← Back to context

Comment by rfv6723

10 hours ago

Human spoken conversation doesn’t really work like file buffering.

People can tolerate missing words surprisingly well. If a phrase is slightly clipped, masked by noise, or dropped, the listener can often infer it from context. That happens constantly in real speech.

But pauses and stalls are much more damaging. A sudden freeze in the middle of speech breaks turn-taking, timing, and attention. It feels like the speaker stopped thinking, the connection died, or the system got stuck.

For voice UX, a tiny omission is often less harmful than a perfectly complete sentence that freezes halfway.

> People can tolerate missing words surprisingly well. If a phrase is slightly clipped, masked by noise, or dropped, the listener can often infer it from context. That happens constantly in real speech.

LLMs are surprisingly good at this, too.

This entire blog post is based on assumptions that

1) WebRTC garbling is common

2) LLMs fall apart if there are any audio glitches

I would bet money that OpenAI explored and has statistics on both of those and how it impacts service. More than this blogger heaping snark upon snark to avoid having a realistic conversation about pros and cons

I think this is mixing domains quite a bit;

If I'm talking to a friend or peer and I'm on a crappy link, we can probably work it out. If I'm calling my lawyer from prison with my "one call" I really want my lawyer to get my instructions clearly and correctly, ideally the first time without a lot of coaching.

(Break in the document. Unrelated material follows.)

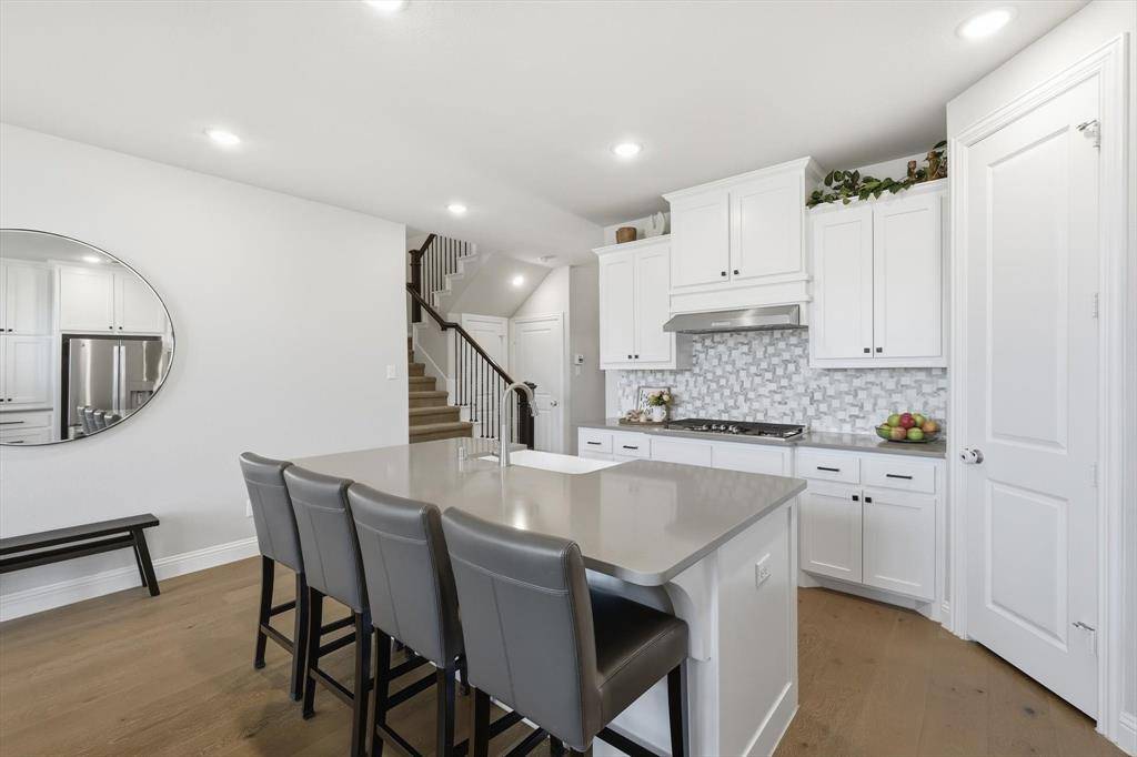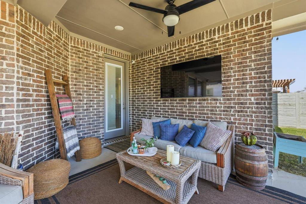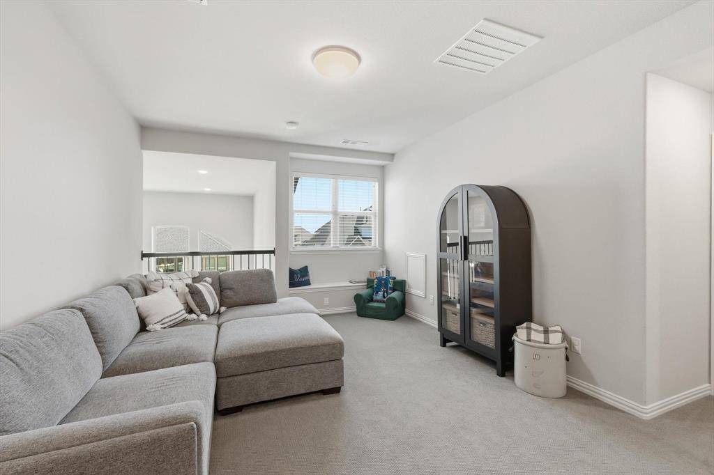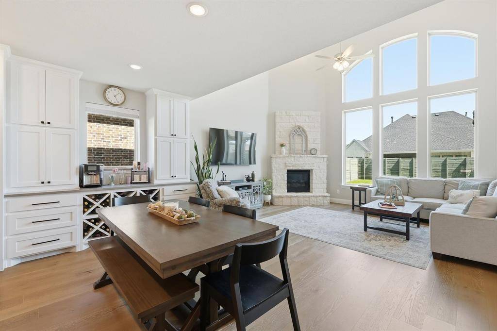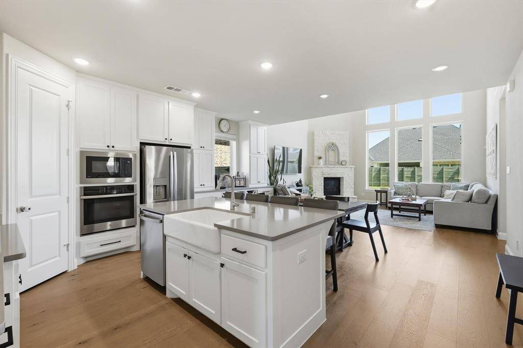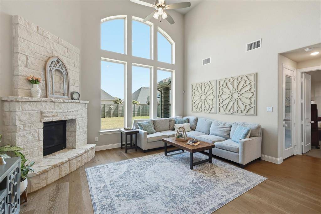 EXQUISITE newer home with amazing outdoor living area in Argyle! Fantastic layout with open floor plan and a two-story living room! Work from home with your amazing home office or use at 5th bedroom on first floor! Gorgeous luxury vinyl plank floors! Neutral decor! Whip up your favorite recipes in your gourmet kitchen with quartz countertops, stainless steel appliances, extra cabinets, PLUS a custom butler's pantry with wine racks, coffee bar, and storage! Cozy up to your beautiful Austin stone fireplace in your fabulous living room! A wall of windows with privacy! The primary bedroom boasts bonus room for sitting area and a spa-like retreat! Dual sinks, soaking tub, oversized shower, huge closet & more! Spacious first floor laundry and 2 full bedrooms and 2 full baths downstairs or use an office! Upstairs enjoy movies in your large gameroom! 3 more spacious bedrooms upstairs with 2 more full baths! Outdoor living at its finest! A one-of-a kind custom outdoor living space complete with a seated bar with room for a cooktop and grill! Plus, room to watch your favorite game on TV and make smores in your oversized patio! Build your dream pool or walk to the pool in the neighborhood! Enjoy the many amenities in Harvest with walking trails, pools, The Front Porch, The coffee shop, food trucks, gardens, and more! Walk to the schools in the neighborhood and enjoy the many activities Harvest and Argyle have to offer! Smart home features too for lights, front door, garage door, and oven! Run to see this one!

Where on this scale does "person talking to LLM" fit?

I believe there's a ton of research into the shannon limit and human speech. You can trivially observe how much redundancy there is by listening to a podcast at 1x, 1.2x, 1.5x, 2x, etc, and when you can't follow what's going on, you've found the "redundancy" built into that language. This number falls way off when you're listening to a person with an accent or when the recording is noisy or whatever.

You'll also find that your tolerance for lossy media is radically different based on latency and echos and jitter in the audio (which I believe is the point of the original "don't use webrtc" article...)

Finally, people may tolerate this, but the "phonem to token" thinger may be less tolerant, and will certainly not be able to magic correct meaning from lost packets, and if the resulting exchange is extremely expensive or important (from the lawyer and the "I'm in jail in poughkeepsie; I need bail!" exchange) you really want to take the time to get it right, not make things guess.